**GIVEN MATERIAL:**
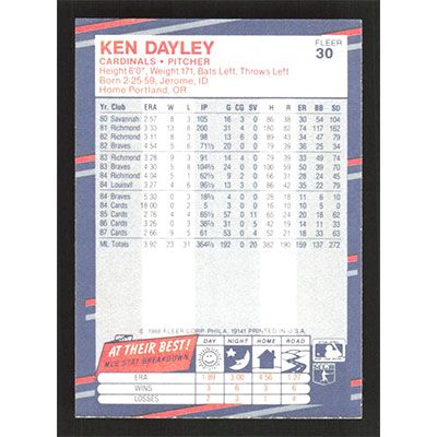 This is a 1988 Fleer Ken Dayley baseball card. The card is #30 and pictures show condition.
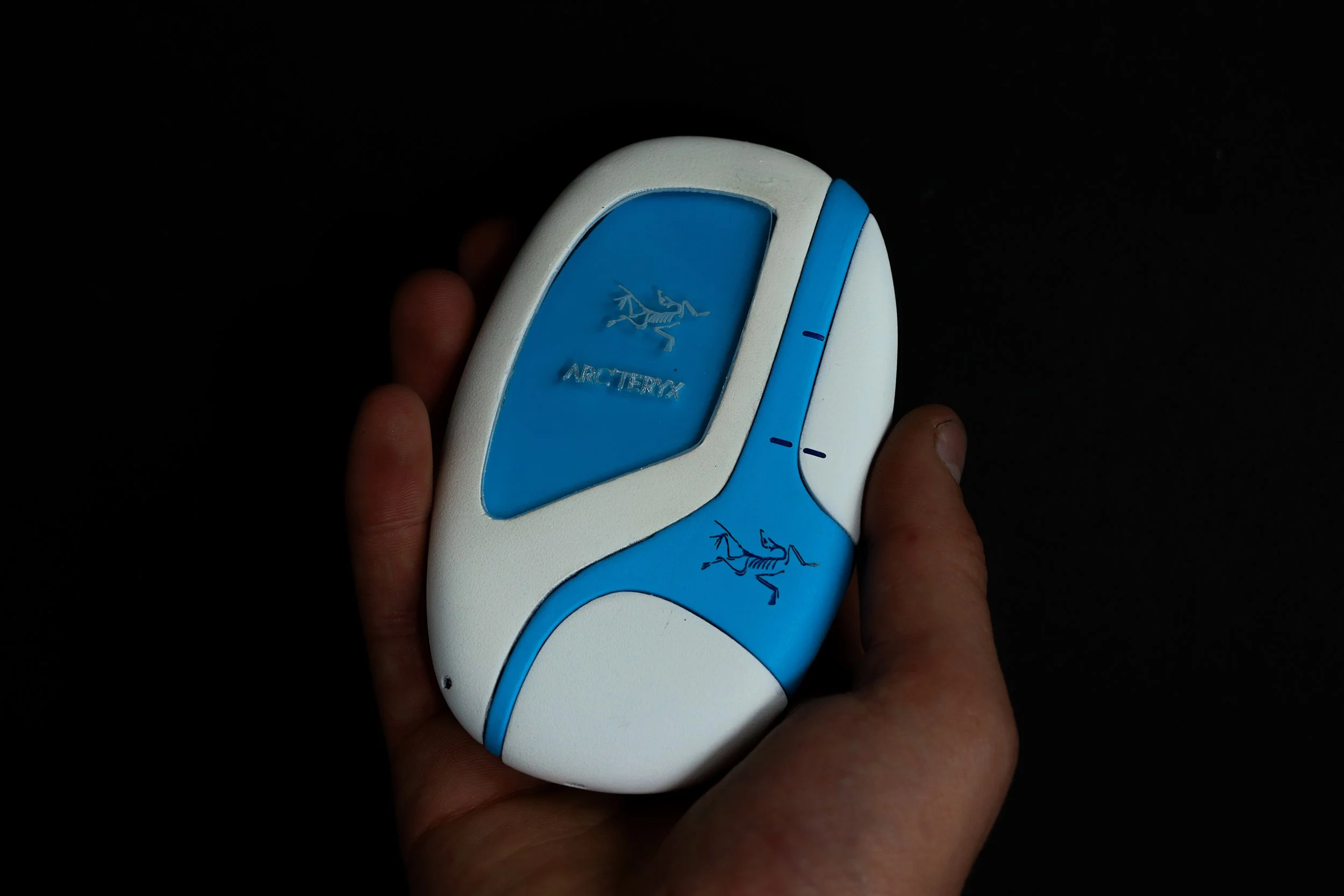 The ASPECT beacon draws inspiration from the refined alpine minimalism of Arc’teryx as was designed for the brand. Refined technical features, sculped ergonomic geometry and a glacial-inspired color scheme inspire the form and function. The design focuses on the elegant and ergonomic flow inspired by a glacier. This feel hopes to match the premium performance of Arc’teryx in extreme environments. Arc’teryx’s name and logo refer to the earliest known bird, which evolved wings to adapt to its hazardous environment this adaptaion to the surroundings was another deisgn inspiration of the ASPECT
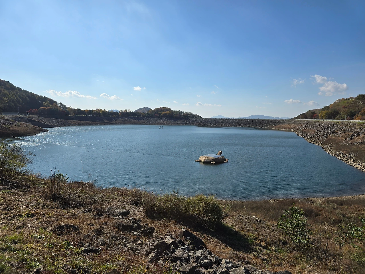 특이하게도 호수 한가운데 태양광판넬을 등에 씌운 대형거북이 상이 있었는데 그 거북이가 밤에도 일하는 것 같아서 안쓰러웠다.

**EXERCISE DETAILS:** Each line from the one with "The ASPECT beacon" to the end of the material needs to be output word for word, with no picture included.

**RESULT OF THIS TASK:**
 The ASPECT beacon draws inspiration from the refined alpine minimalism of Arc’teryx as was designed for the brand. Refined technical features, sculped ergonomic geometry and a glacial-inspired color scheme inspire the form and function. The design focuses on the elegant and ergonomic flow inspired by a glacier. This feel hopes to match the premium performance of Arc’teryx in extreme environments. Arc’teryx’s name and logo refer to the earliest known bird, which evolved wings to adapt to its hazardous environment this adaptaion to the surroundings was another deisgn inspiration of the ASPECT
 특이하게도 호수 한가운데 태양광판넬을 등에 씌운 대형거북이 상이 있었는데 그 거북이가 밤에도 일하는 것 같아서 안쓰러웠다.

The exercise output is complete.